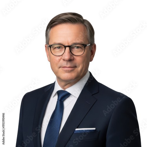 A man in a suit and tie smiles for his professional portrait photo isolated on transparent background
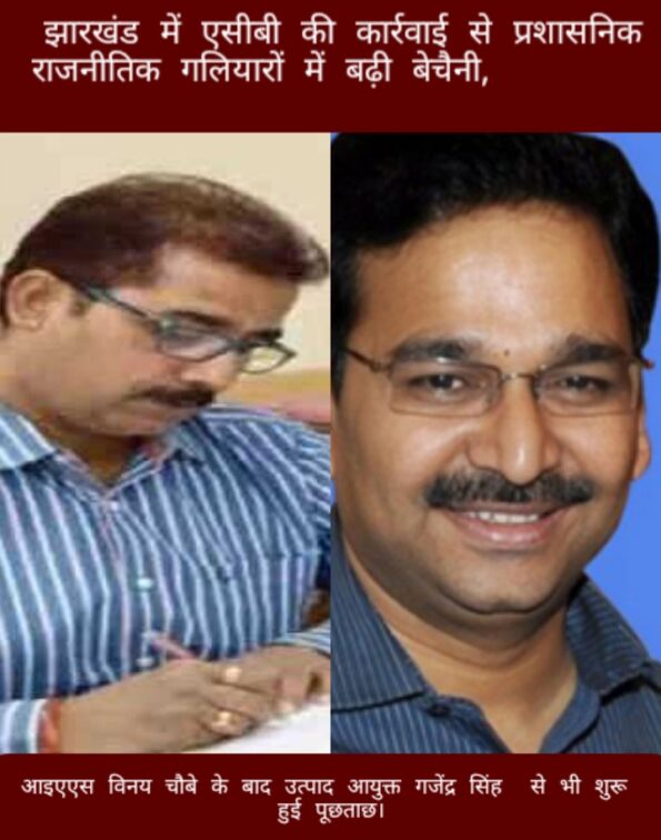 रांची : एसीबी की कार्रवाई से एक बार फिर झारखंड की राजनीतिक गलियारों की तापमान बढ़ने लगी है। वही प्रशासनिक गलियारों में भी बेचैनी बढ़ती जा रही है। लगातार एसीबी की कार्रवाई से झारखंड की राजनीतिक तापमान अब उबलने लगा है। कहा जा रहा है कि कई एसीबी के निशाने पर हैं। आईएएस अधिकारी विनय चौबे से पूछताछ के बाद तुरंत उत्पाद आयुक्त गजेंद्र सिंह से पूछताछ को लेकर कई तरह के चर्चाएं प्रशासनिक एवं राजनीतिक गलियारों में चल रही है।
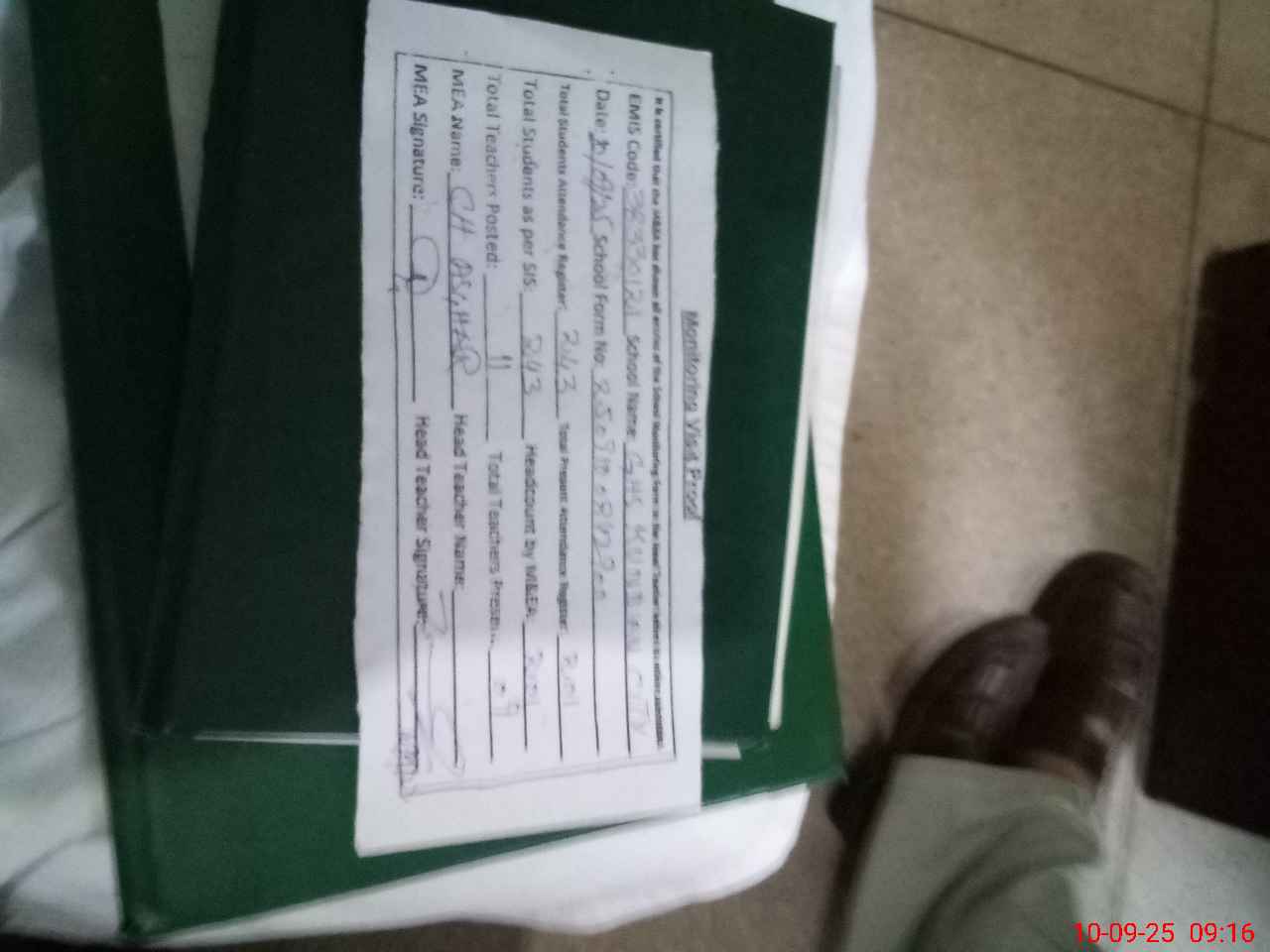 | Attendance Register | Head Teacher | MEA with School | Visit Proof |
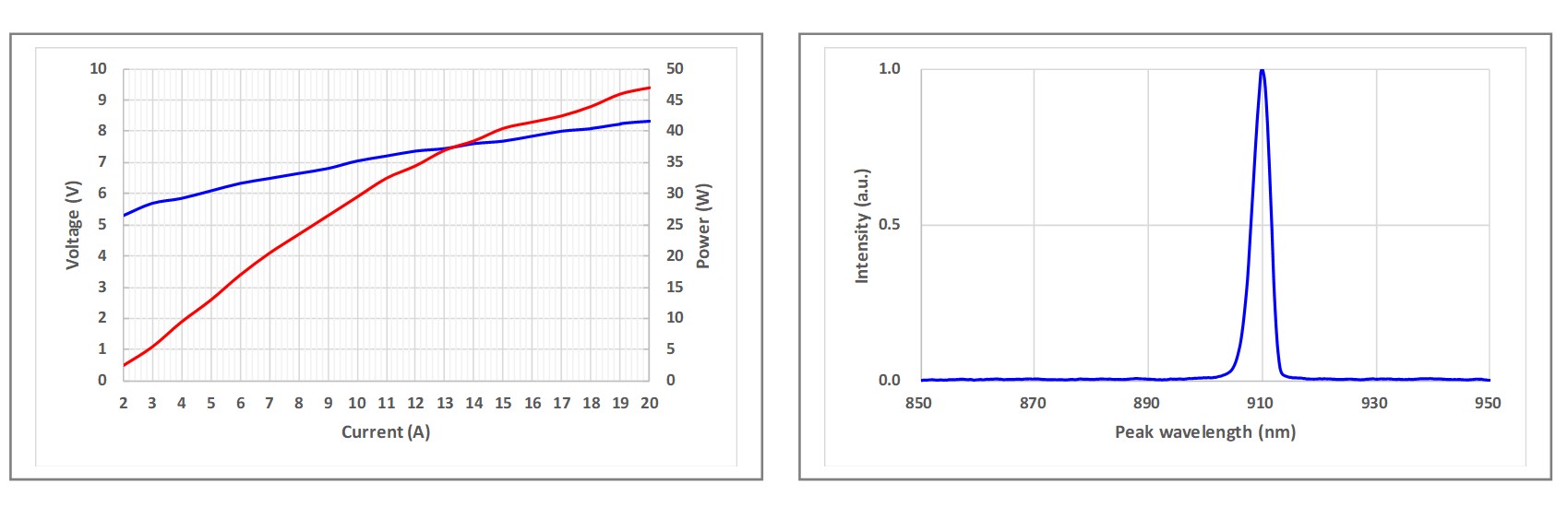 图3:瑞波光电25W905nm 脉冲式半导体激光芯片的PIV曲线图

Exercise objective: Retype the whole listing. Keep every word exact but include no pictures.

Solution to this task:
 A man in a suit and tie smiles for his professional portrait photo isolated on transparent background
 रांची : एसीबी की कार्रवाई से एक बार फिर झारखंड की राजनीतिक गलियारों की तापमान बढ़ने लगी है। वही प्रशासनिक गलियारों में भी बेचैनी बढ़ती जा रही है। लगातार एसीबी की कार्रवाई से झारखंड की राजनीतिक तापमान अब उबलने लगा है। कहा जा रहा है कि कई एसीबी के निशाने पर हैं। आईएएस अधिकारी विनय चौबे से पूछताछ के बाद तुरंत उत्पाद आयुक्त गजेंद्र सिंह से पूछताछ को लेकर कई तरह के चर्चाएं प्रशासनिक एवं राजनीतिक गलियारों में चल रही है।
 | Attendance Register | Head Teacher | MEA with School | Visit Proof |
 图3:瑞波光电25W905nm 脉冲式半导体激光芯片的PIV曲线图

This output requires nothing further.